Italian economist and politician (1891–1974)

Pietro Campilli (1891–1974) was an Italian economist and politician who held several cabinet posts during the 1940s and 1950s. He was the first president of the European Investment Bank and served in the post between 1958 and 1959.

==Early life and education==
Campilli was born in Frascati on 30 November 1891. He received a diploma in accounting and a degree in economics and commerce. As an economist Campilli belonged to the classical school of economics in addition to Luigi Einaudi, Epicarmo Corbino and Gustavo Del Vecchio.

==Career==
Campilli was a member of the Italian People's Party, but during the Fascist rule he did not involve in political life and worked as a banker becoming the director general of the Italian Banking Federation.
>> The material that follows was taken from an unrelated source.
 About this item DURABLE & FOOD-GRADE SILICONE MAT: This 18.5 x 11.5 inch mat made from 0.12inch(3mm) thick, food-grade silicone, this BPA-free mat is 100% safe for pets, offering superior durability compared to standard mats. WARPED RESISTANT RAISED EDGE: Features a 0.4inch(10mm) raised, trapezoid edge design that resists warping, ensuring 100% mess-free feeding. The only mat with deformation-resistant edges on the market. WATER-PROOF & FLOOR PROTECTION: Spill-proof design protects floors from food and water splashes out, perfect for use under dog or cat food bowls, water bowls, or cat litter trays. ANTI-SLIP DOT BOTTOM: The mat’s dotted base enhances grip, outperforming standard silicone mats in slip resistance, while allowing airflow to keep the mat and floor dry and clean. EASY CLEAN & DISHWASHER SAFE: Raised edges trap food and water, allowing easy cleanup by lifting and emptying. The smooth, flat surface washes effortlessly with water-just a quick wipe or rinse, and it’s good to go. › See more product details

He joined the Christian Democrats and became part of the Rome Liberation Committee during the resistance against Fascists. Following the end of the Fascist rule he was elected deputy to the National Council and then to Constituent Assembly where he served for two terms.
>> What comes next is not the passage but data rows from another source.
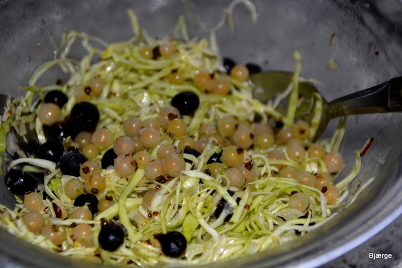 Den bestod bare af fint revet spidskål, hasselnødder i flager og lidt solbær og hvide ribs fra fryseren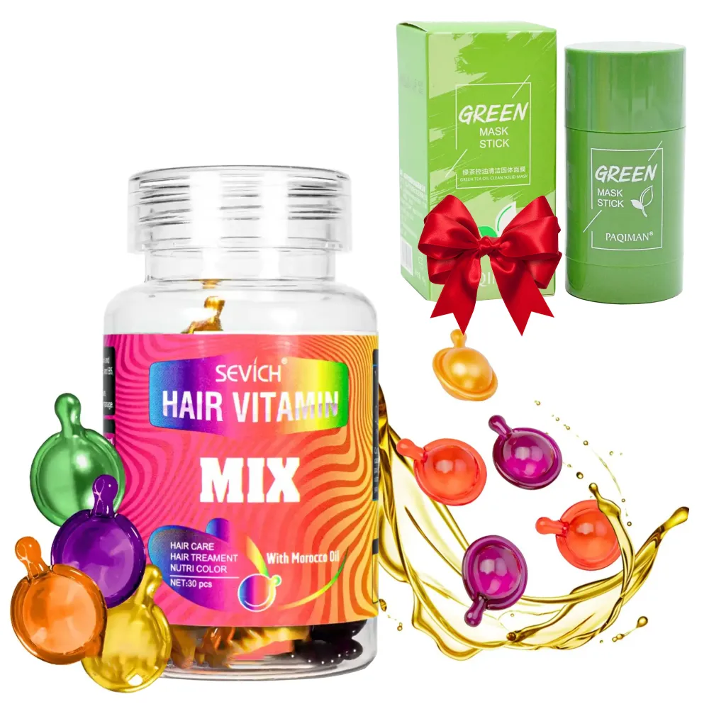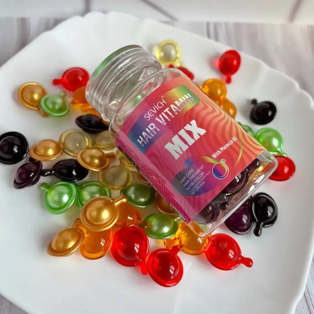 Капсулы Sevich с марокканским маслом богаты питательными веществами, которые придают волосам мягкость, сияние и здоровый вид, а также приятный аромат. В наборе содержатся различные виды витаминов, в том числе те, которые способствуют восстановлению поврежденных волос, улучшению блеска, приданию шелковистости и сохранению яркости цвета. Каждый вид витаминов обогащен уникальным набором полезных компонентов.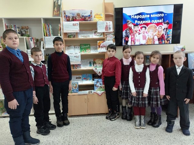 Богатыревская сельская библиотека с учащимися начальных классов провела тематический час «Народов много - Родина одна». В ходе мероприятия школьники познакомились с разными народами, населяющими Россию и нашу Республику. Узнали, что на её территории проживает более 180 различных национальностей, народностей, этнических групп и все они являются россиянами. Каждый из народов России отличается по языку, укладу жизни, обычаям, историческим традициям, религии, культуре, а также по трудовой деятельности. Дети узнали о национальных особенностях русских, чуваш, мордвы, татар и других народов России. Ребята приняли активное участие в викторине о различных символах нашей страны «Это встретим в России». В завершении мероприятия посмотрели мультфильм «В яранге горит огонь», созданный по мотивам северных народных сказок.

Campilli served as cabinet member several times. He was the minister of foreign trade in the second cabinet of Alcide De Gasperi between 1946 and 1947 and the minister of treasury and finance in the next De Gasperi cabinet in 1947. Before Campilli's appointment to the cabinet the ministry of treasury and finance was redesigned and expanded through the merge of treasury ministry and finance ministry. He also served as the minister without portfolio and then the minister of transport in the sixth cabinet of De Gasperi from 1950 and 1951, the minister of industry and commerce in the seventh cabinet of De Gasperi in the period 1951–1953), minister without portfolio in the cabinet of De Gasperi in 1953 and in the Pella cabinet between 1953 and 1954. He held the same post in the cabinets of Fanfani (1954), Scelba (1954–1955), Segni (1955–1957) and Zoli (1957–1958). He was the president of the European Investment Bank from February 1958 to May 1959 and named as the president of the National Council of Economy and Labor in May 1959 which he held until 1970. He also served as the president of the Italian Arbitration Association in late 1960s.

==Death==
Campilli died in Rome on 8 July 1974.